The Short Form
|Price $8,495 / meridian-audio.com / 404-344-7111|
|A powerfully high-end, intelligently simplified (and regally priced) single-component A/V system.|
|•Nompact, high-power, one-box solution
•Superb sound. Superb picture
•1080p scaling to HDMI of all video
•Gorgeous elegance, both formal and functional
|•No HDMI input or analog multichannel input for high-def disc or audio playback
•Limited surround-mode choices
•Limited DVD fast-search speeds
|•100 watts x 5
•Integral slot-load DVD player
•1 component-, 2 composite-, 3 S-video inputs; 4 digital audio, 3 stereo analog audio inputs; 5.1-channel analog audio outputs
•1080p scaling on HDMI output (1080i on component video)
•AM/FM RDS tuner with 30 nameable presets
•IR in, 12-volt trigger, RS-232 serial, Meridian COMMS ports
•9-component, programmed/learning tabletop remote
•17.4 x 3.5 x 13.75 in; 30 lb
|The G95 measured excellently in every test. Power was nearly spot-on its 100-watt spec, though it fell a bare 0.8 dB short with 5 channels driven. Its Class D amps remained at virtually the same temperature (warm, but not hot) whether idling all day or driven to the verge of clipping for long periods. The unit also measured better than theoretically perfect on our dithered-silence S/N test; I've no explanation, though it may have to do with how the G95 oversamples and otherwise manipulates signals in the digital domain.
Full Lab Results
Still, these are minor points. At its best, Trifield can do glorious work. Feeling that a bit of English music was in order, I cued up a CD of William Walton's great oratorio Belshazzar's Feast. The choral Section 5 ("Praise ye ...") is Very Big Music, and the G95 produced truly big sonics, with a broad, sweeping, seamless soundstage and impressively natural depth. The sweetness of the massed sopranos, even in full cry, was only one of the factors that confirmed this to be indisputably high-end playback, from the CD drive right through to the amplifier outputs.

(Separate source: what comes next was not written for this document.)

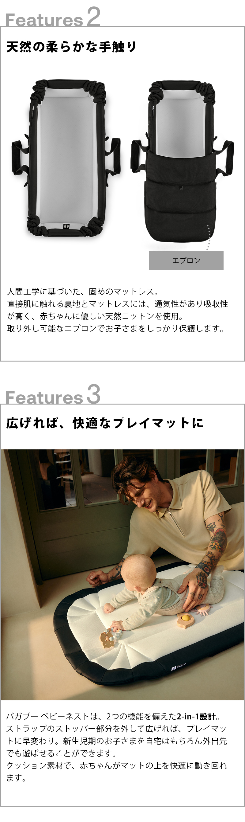 | •ハーネスをお子様の体に留める必要がなく、新生児期に快適な空間を作り出す •手足を自由に動かしたりできる=お子さまの発育に良い環境 •眠っていても、赤ちゃんをそのまま持ち上げて移動させることが可能 •広げればクッション性のあるプレイマットに •丈夫で安全、扱いやすいフレキシブルな構造 •人間工学に基づいて選定したしっかりとしたマットレスと、柔らかく通気性のよい天然コットンの裏地を使用 |
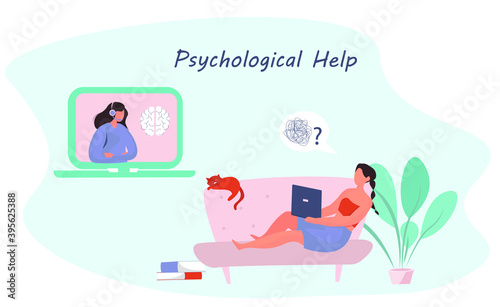 Online psychological help service, vector flat illustration. Psychotherapy session with professional online counselor psychotherapist counseling patient female having emotional, family problems etc.

As noted, the G95's Cinema mode is automatically fixed onto most Dolby Digital or DTS multichannel bitstreams, whether from the internal DVD transport or an external source. (The sole exception was DTS 5.1 music CDs, which invoked Meridian Discrete mode.) Cinema appears to pass Dolby Digital or DTS multichannel with little modification. However, I found that 5.1 material tended to be reproduced with slightly stronger surround channels than expected, so I ended up rolling these back 1.5 dB from their calibrated settings.

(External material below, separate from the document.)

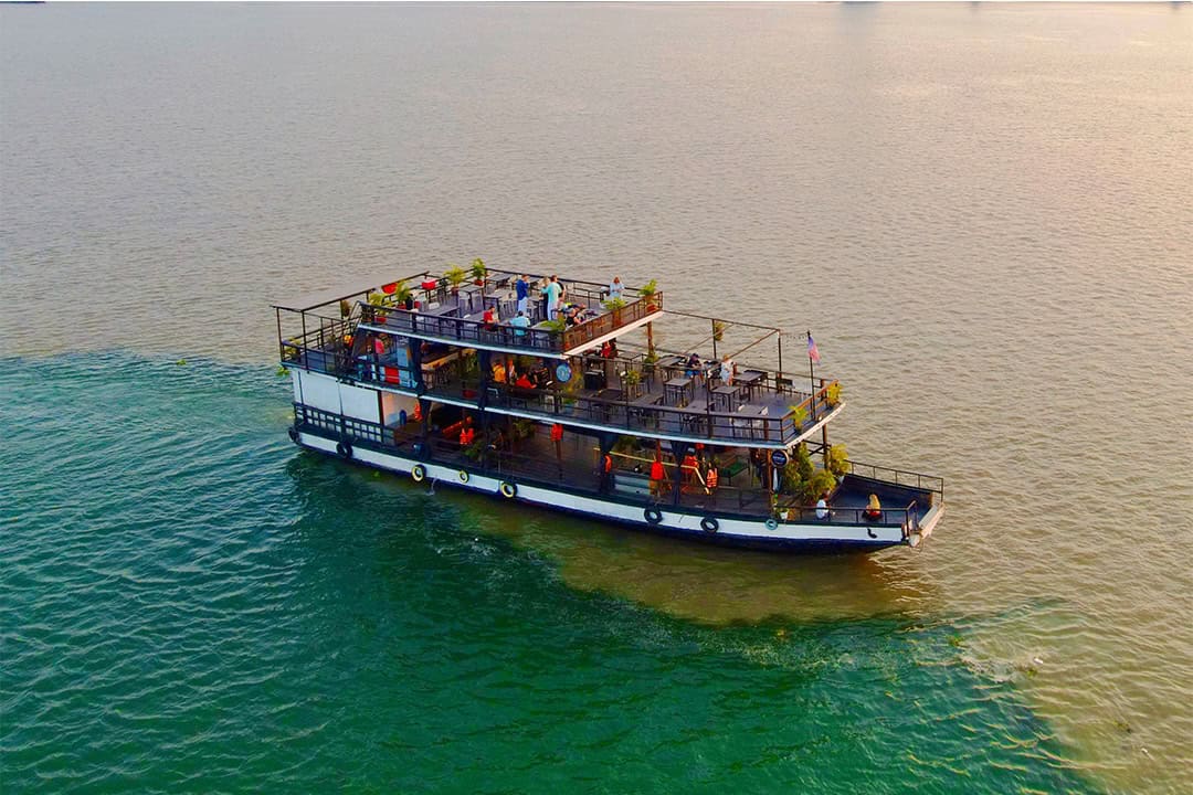 Board the boat and head out onto the Mekong and Tonle Sap, where Phnom Penh’s daily life unfolds along the banks. Fishermen cast nets, children play by the water, boats carry goods and commuters, and riverside communities go about their routines. As the sun sets, the Royal Palace and city skyline catch the light, while you sip free-flow beer and soft drinks and watch the city’s pulse from the water. A different perspective on Phnom Penh, where the river defines the rhythm of urban life.

A DVD soundtrack like the one on Flags of Our Fathers - the American half of Clint Eastwood's bicultural Iwo Jima diptych and possibly the most sonically intense World War II pic ever - demands plenty from a surround system. The G95 re-created both its tough-to-take carnage and its clueless home-front with great impact and elegiac sweep. In Chapter 4, a flight of F4U Corsairs buzzes the flotilla, with roaring engines sweeping past cheering soldiers and plunging prows. On the Meridian, the effects were perfectly cohesive, totally spatial, and eminently powerful in placing the viewer right there on deck - precisely the filmmakers' intent, I'd warrant.
The G95's upscaled 1080p looked spectacular on my Samsung LCD TV. Meridian says it uses both its own processing and Faroudja's, which was good enough to make the CGI enhancement of Eastwood's long-shot invasion sequences perfectly obvious. The Meridian empowers you to adjust basic video settings for each source (including the internal DVD), though only when viewed on its HDMI output. Still, this is a potentially useful and high-quality extra.
With few exceptions, using the G95 was a pure pleasure. The stylish tabletop controller (designated "MSR+" for Meridian System Remote) is generously laid out and logically grouped, with nicely readable black-on-silver lettering. Its full key illumination is very slick (only the lettering lights up), but I found the blue lighting rather poor in contrast. Also, the controller emits a faint but annoying whine while its illumination is lit: 5 seconds, every time you touch a key.
Meridian has also clung to the original Philips logic for CD track advancement, which takes a bit of getting used to even for those of us who remember it. For example, to skip forward one track you press > while playing. Fortunately, the G95 transport controls behave conventionally with a DVD loaded, so movie playback will be more intuitive. While there are four different DVD slo-mo choices, only 2x and 8x fast-search options are offered, which I found a bit paltry. But again, I pick nits.
I would recommend Meridian's G95 unreservedly to those for whom money is simply not an issue - and those who choose one-touch simplicity and impeccable A/V performance over complexity or bleeding-edge compatibility. Meridian's one-box is a fully audio/videophile-grade solution whose elegance of form and function will be very hard to better.